Come, Lord

You, LORD, are our father,

our redeemer you are named forever.

Why do you let us wander, O LORD, from your ways,

and harden our hearts so that we fear you not?

Return for the sake of your servants,

the tribes of your heritage.

Oh, that you would rend the heavens and come down,

with the mountains quaking before you,

while you wrought awesome deeds we could not hope for,

such as they had not heard of from of old.
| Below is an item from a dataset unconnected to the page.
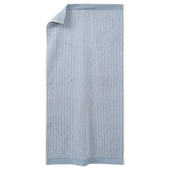 Blauw-crèmekleurige handdoek van zachte badstofkwaliteit met strepen all-over. Omzoomd en met handige lus om op te hangen.

No ear has ever heard, no eye ever seen, any God but you

doing such deeds for those who wait for him.

Would that you might meet us doing right,

that we were mindful of you in our ways!

Behold, you are angry, and we are sinful;

all of us have become like unclean people,

all our good deeds are like polluted rags;

we have all withered like leaves,

and our guilt carries us away like the wind.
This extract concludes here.